### Input for this task
Content starts
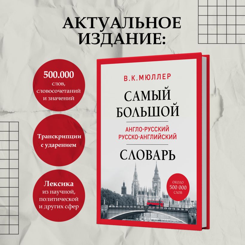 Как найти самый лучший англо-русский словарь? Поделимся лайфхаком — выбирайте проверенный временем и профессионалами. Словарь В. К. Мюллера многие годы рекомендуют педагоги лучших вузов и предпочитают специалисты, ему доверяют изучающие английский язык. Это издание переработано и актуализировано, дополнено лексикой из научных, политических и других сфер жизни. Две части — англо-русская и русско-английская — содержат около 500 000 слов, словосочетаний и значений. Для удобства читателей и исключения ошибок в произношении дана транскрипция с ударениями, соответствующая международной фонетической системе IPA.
Content ends
Content starts
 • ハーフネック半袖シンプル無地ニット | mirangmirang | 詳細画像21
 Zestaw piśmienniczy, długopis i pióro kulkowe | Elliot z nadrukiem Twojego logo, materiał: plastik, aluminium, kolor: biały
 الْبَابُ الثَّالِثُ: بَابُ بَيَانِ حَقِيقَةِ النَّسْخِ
Content ends
### What is being asked
Going down the listing above, begin printing at the line with "Zestaw piśmienniczy, długopis" and finish with the line with "الْبَابُ الثَّالِثُ: بَابُ", exactly as they appear.

### Expected output
 Zestaw piśmienniczy, długopis i pióro kulkowe | Elliot z nadrukiem Twojego logo, materiał: plastik, aluminium, kolor: biały
 الْبَابُ الثَّالِثُ: بَابُ بَيَانِ حَقِيقَةِ النَّسْخِ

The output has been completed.